Defendant shall give notice.
4. Vangelos vs. Mehta
25-01520113
Motion for Sanctions
OFF CALENDAR 5. Garcia vs. La Habra City School District
25- 01535218 Motion to Quash Subpoena
Plaintiff Agustin Garcia’s motion to quash the records subpoena issued to nonparty deponent Providence St. Jude Medical Center is GRANTED. (See Code Civ. Proc., § 1987.1.)
This motion concerns the records subpoena issued by defendant La Habra City School District (defendant or District) to nonparty deponent Providence St. Jude Medical Center on 5/14/26, seeking any and all records pertaining to plaintiff without any limitation as to body part, medical condition, or subject matter, from 1/1/15 to the present. (Allton Decl. at Ex. A [subject subpoena].)
Plaintiff’s right to privacy in his medical and financial records is well established in law. (Vinson v. Superior Court (1987) 43 Cal.3d 833, 841 (Vinson) [medical records]; Davis v. Superior Court (1992) 7 Cal.App.4th 1008, 1014 (Davis) [medical records]; Cobb v. Superior Court (1979) 99 Cal.App.3d 543, 550 [financial information].)

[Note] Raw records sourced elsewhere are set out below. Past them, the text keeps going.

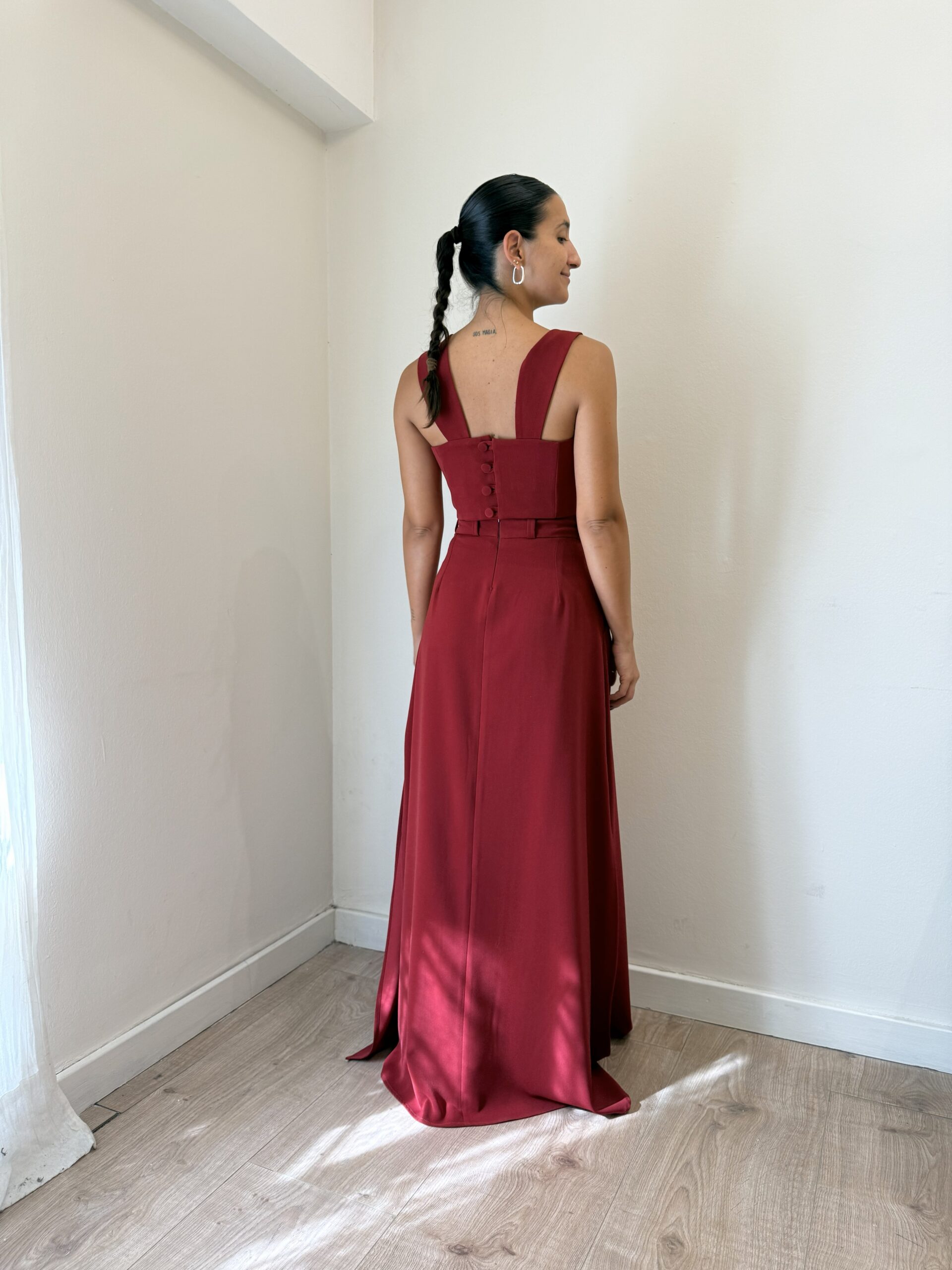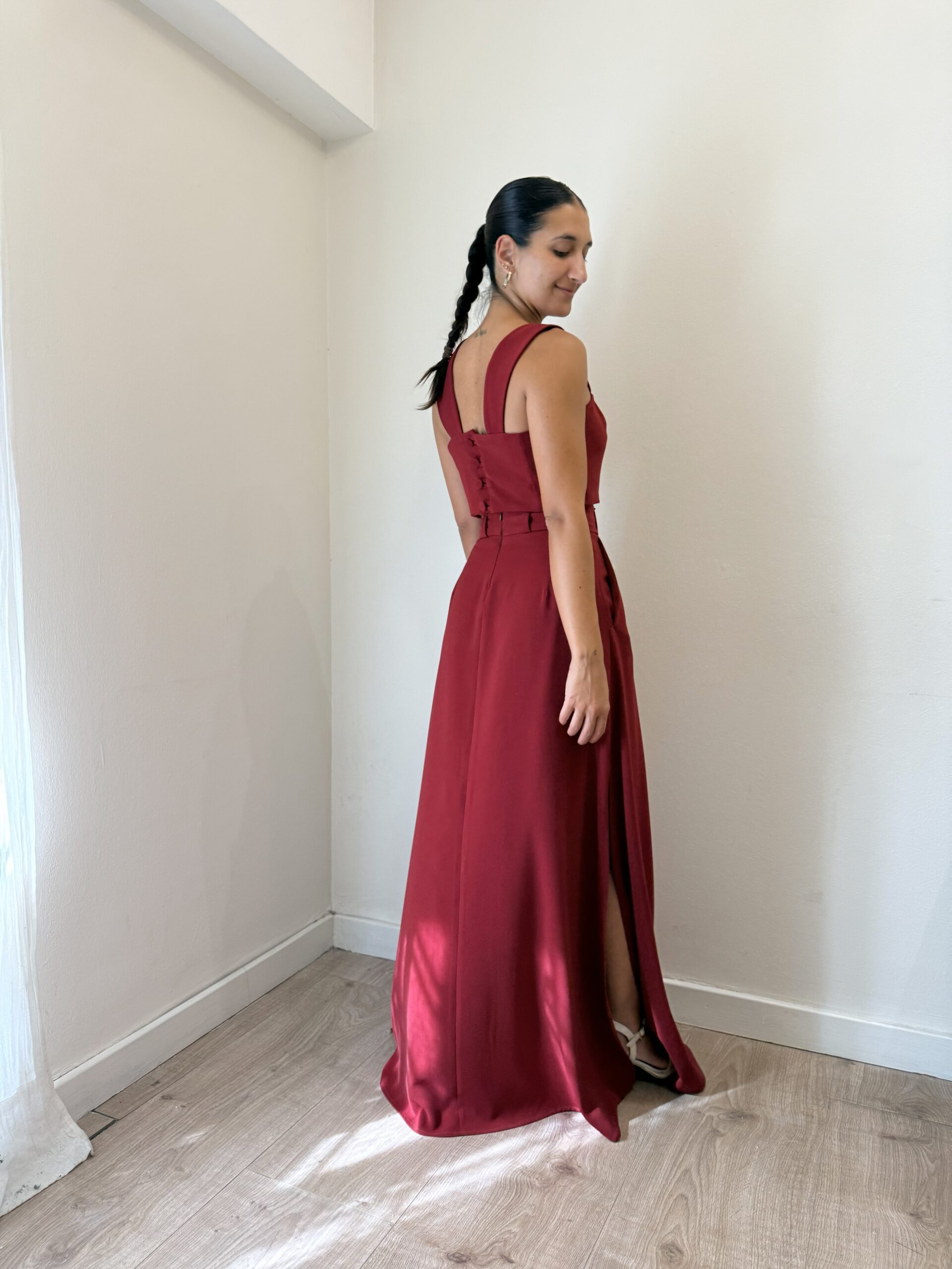 Conjunto de dos piezas, top escote recto, tiras anchas en los hombros y botones forrados en la espalda . La pollera corte A con tajo en ambas piernas y pasacintos. Confeccionado en tela sastrera.
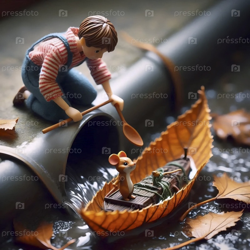 Мальчик, плавающий на лодке из листьев с пассажиром мыши в канаве, Ai generated image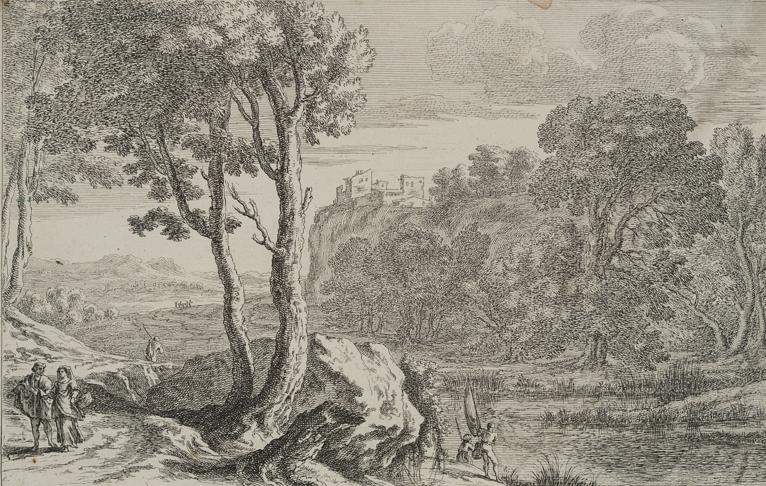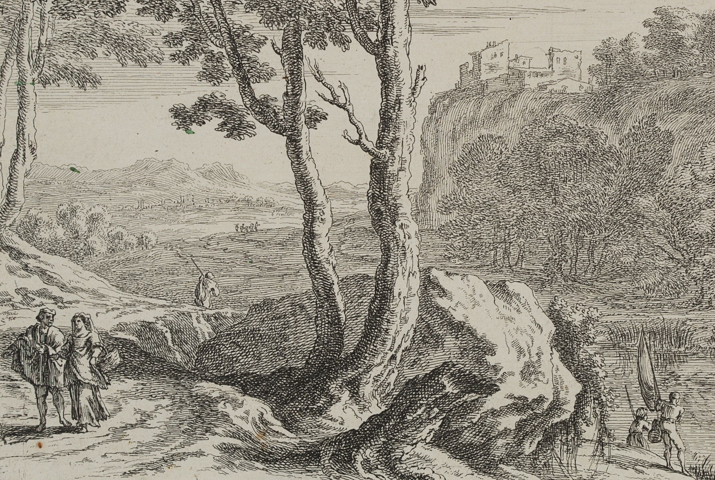 Herman van Swanevelt (um 1600 Woerden – 1655 Paris), Die Angler. Flusslauf durch felsige Landschaft, um 1650, Radierung
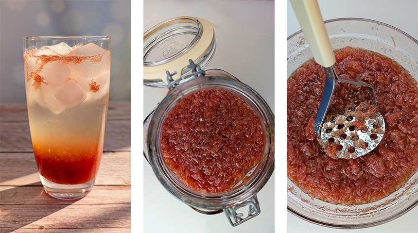 סירופ אשכוליות אדומות קוריאני – jamong-cheong. ג'אמונג-צ'אונג, סירופ מרוכז של אשכוליות אדומות המשמש כבסיס להכנת משקה מוגז קר בשם ג'אמונג-איידו (jamong eideu) הפופולרי בבתי הקפה המודרניים בקוריאה הדרומית. עיקרון ההכנה של הסירופ הוא השרייה של פלחי אשכוליות אדומות בכמות שווה של סוכר, בהכנה ביתית לפעמים מחליפים חלק מכמות הסוכר בדבש, כמו שאני עשיתי, אבל זה לא חובה. לאחר מספר ימים הסוכר מושך את נוזלי הפרי ונוצר סירופ מרוכז בעל צבע ורוד-אדום עם חתיכות פרי אותו מדללים עם סודה או סודה ליים-לימון (ספרייט) לפעמים. אפשר להכין גם תה חם עם הסירופ ע"י הוספת 2-3 כפות מהסירופ למים חמים אך צורת הגשה זו פחות נפוצה. ישנה גרסה דומה באופן ההכנה של יוזו מושרה בסוכר אך גירסה זו יותר מותאמת למשקה חם ונקראת "תה יוזו" (יוג'ה-צ'ה) למרות שאין במשקה עלי תה כלל. אם מקפידים על כמות הסוכר, צנצנת מעוקרת ושימוש בכף נקייה ויבשה הסירופ יכול להישמר היטב זמן רב במקרר, כך שכדאי להכין כמות גדולה ממנו כשהאשכוליות בעונה ולשמור לימים חמים.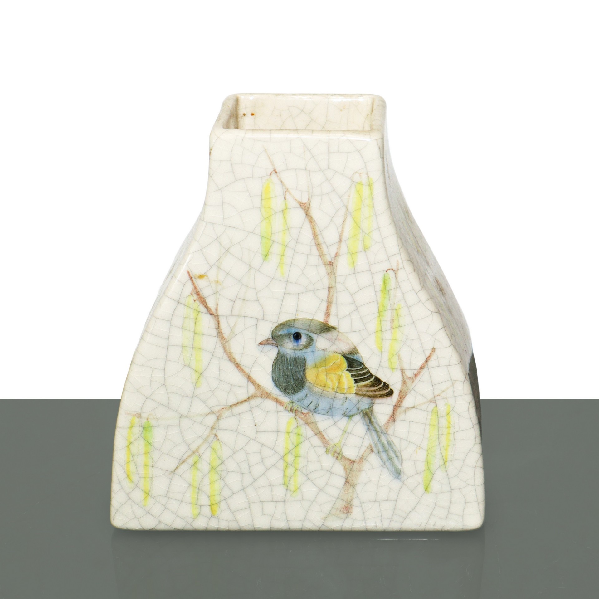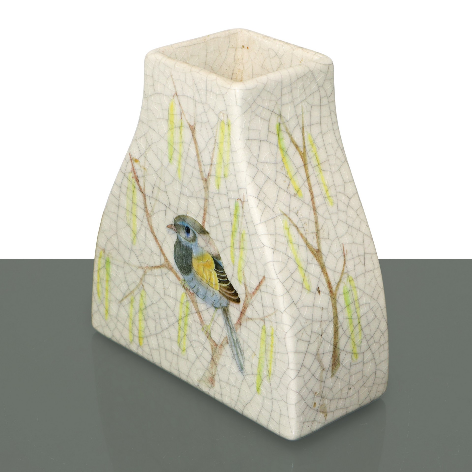 Lenci - Vaso da muro in ceramica con uccellino policromo sul fronte h cm 16 Marchio della manifattura alla base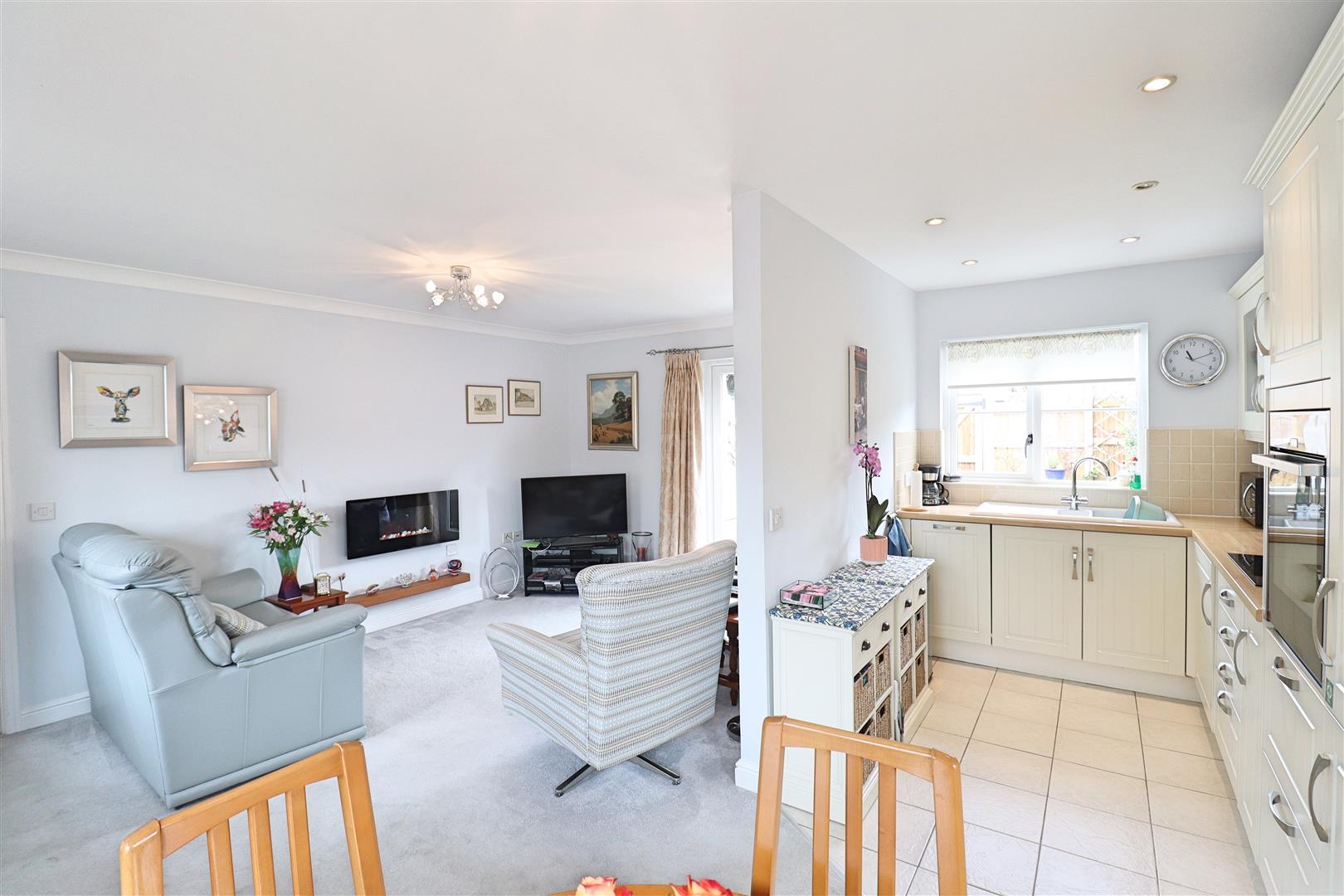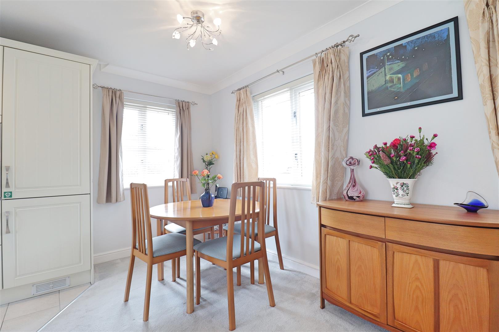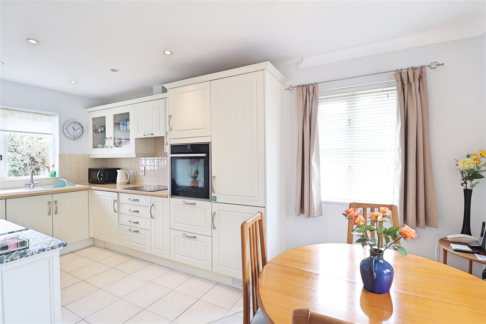 Wall & base units with roll edge work surfaces, one & a half sink with central mixer tap, integral eye-level NEFF oven & grill, fridge/ freezer, dishwasher & washer/ dryer, hob with extractor over, double glazed windows to front, side & rear. Tiled flooring to kitchen, carpet flooring to dining area.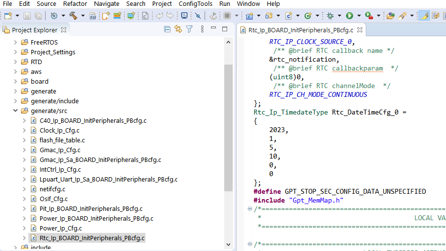 このエラーがシリアル・ログに記録されている場合は、サーバ証明書の検証に失敗している可能性があります。原因の1つとして、RTCでの現在の時刻の設定が間違っていることが考えられます。これは、generate/src/Rtc_Ip_BOARD_InitPeripherals_PBcfg.cファイルを直接変更するか、あるいは[Peripherals(ペリフェラル)]ビューで設定を更新し、[Update Code(コードの更新)]を使用してコードを生成することで更新できます。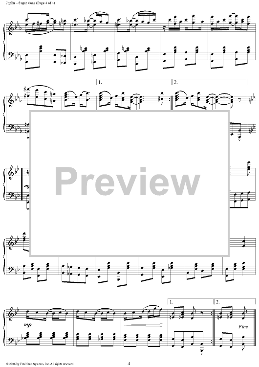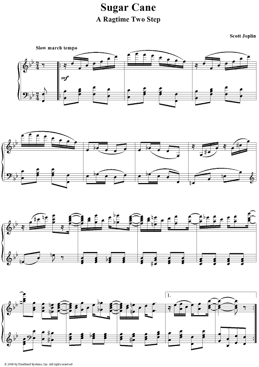 Digital Sheet Music for Sugar Cane by Scott Joplin scored for Piano Solo; id:265379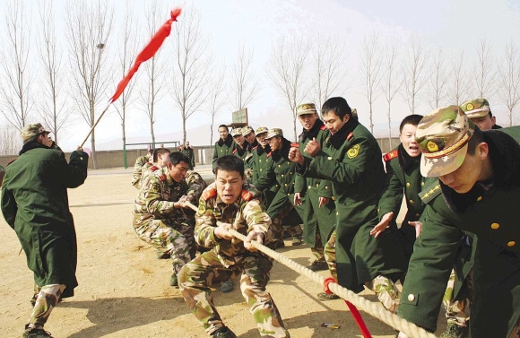 15日,为冬季训练成果的转化,进一步提高军事素质,武警泰安市支队在教导队举办了第二届军事体育运动会,11个单项第一名的成绩记入支队军事体育运动会纪录。图为武警官兵在拔河比赛中。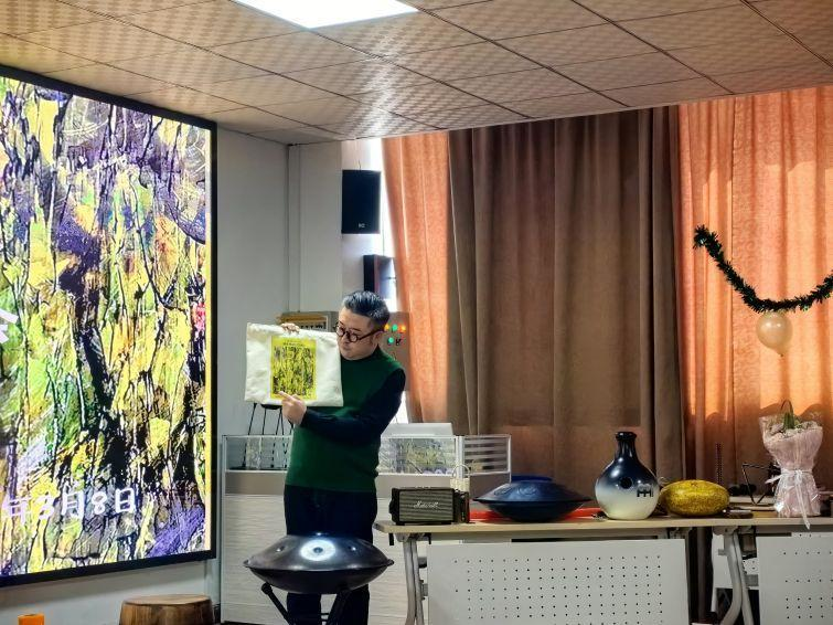马浩谦向大家详细介绍了溪水鼓、拇指钢琴、巫毒鼓、钢舌鼓等乐器,分享了乐器演奏出的美妙旋律,现场教职工热情互动、陶醉其中。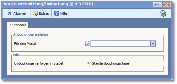 Das Programm öffnet den Dialog "Vorsteuerermittlung/Umbuchung".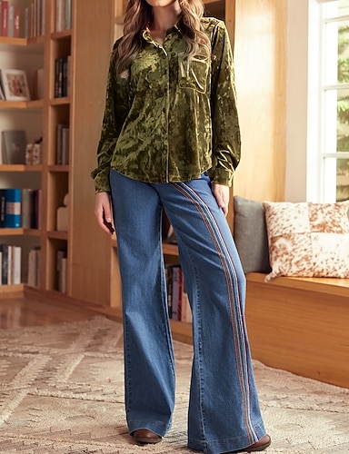Damen Samt Elegant Bluse Knöpfe Einfach Bohemien Vintage Täglich Langarm Hemdkragen Normale Oberteile Täglich Party-Abendmode Ferien Purpur Orange Grün Frühling Herbst Winter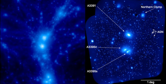 La imagen muestra la distribución de gas caliente (izquierda), en comparación con la imagen de rayos X eROSITA del sistema Abell 3391/95 (derecha). Foto: Astronomy & Astrophysics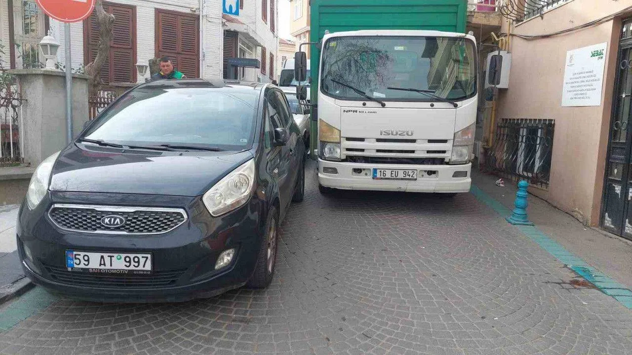 Tekirdağ’ın Süleymanpaşa ilçesinde dar sokakta uygunsuz vaziyette park yapılınca geçiş yapmaya çalışan kamyonet sıkıştı.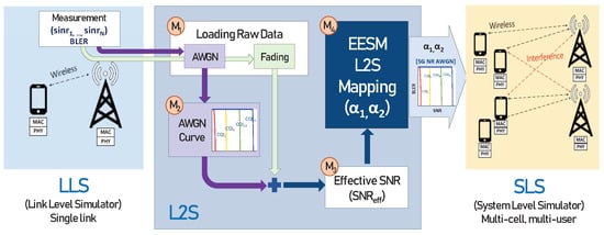 L2S mapping method has two aims to map various SNRs over allocated REs to one averaged SNR as well as to reduce system overload in SLS. The overall procedure of the L2S mapping is shown in Figure 2 where L2S mapping method basically receives raw data of and from the LLS and then delivers two mapping parameters of (, ) and 5G NR AWGN to the SLS. Our L2S mapping is composed of four modules: , loading raw data; , AWGN curve; , Effective SNR (ESM); and , exponential ESM (EESM) L2S mapping. The operation and function of each module are explained below.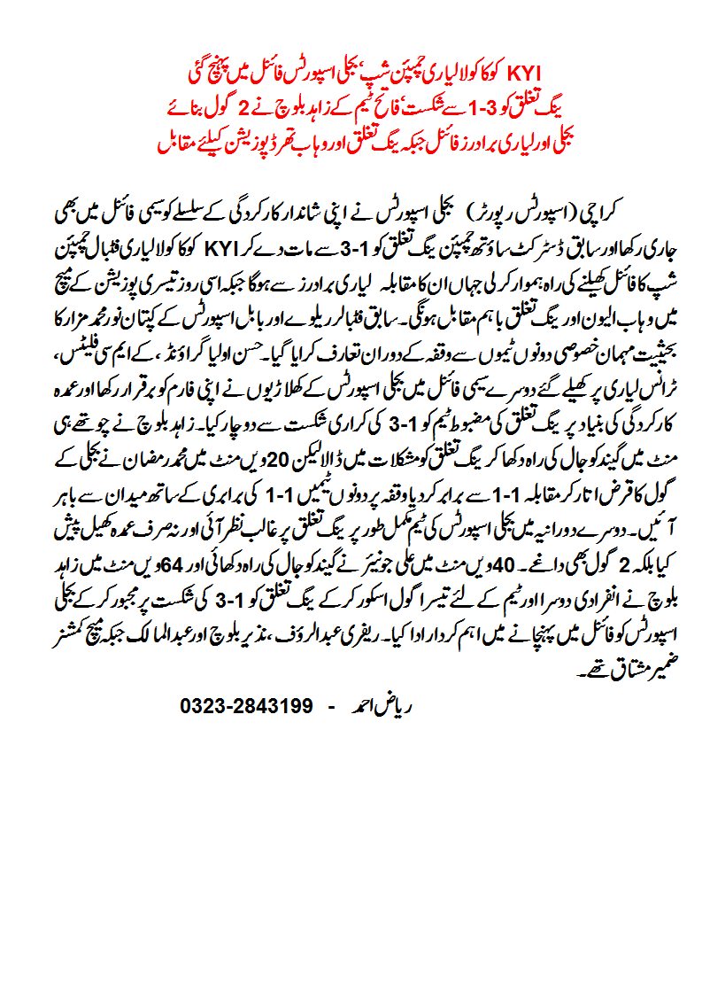 Bijli Sports qualify for final of KYI COCA COLA LYARI FOOTBALL CHAMPIONSHIP 2014 after beating former DFA South Champion Young Tughlaq at Hassan Olia Ground, KMC Flats, Trans Lyari being organised by Kararchi United Football Foundation.

Disclosure may be ordered when the information is directly relevant and essential to the fair resolution of the lawsuit, and where the need for disclosure outweighs privacy concerns. “The scope of any disclosure must be narrowly circumscribed, drawn with narrow specificity, and must proceed by the least intrusive manner. [Citation.]” (Davis, supra, 7 Cal.App.4th at p. 1014; see Williams v. Superior Court (2017) 3 Cal.5th 531, 552 [framework for determination of privacy objection]; Hill v. National Collegiate Athletic Assn. (1994) 7 Cal.4th 1, 35 (Hill) [same]; see also Puerto v. Superior Court (2008) 158 Cal.App.4th 1242, 1251 [harmonizing privacy analysis in pre and post-Hill decisions].) The party seeking disclosure of the constitutionally protected information bears the burden of establishing direct relevance. (Davis, supra, 7 Cal.App.4th at p. 1017.)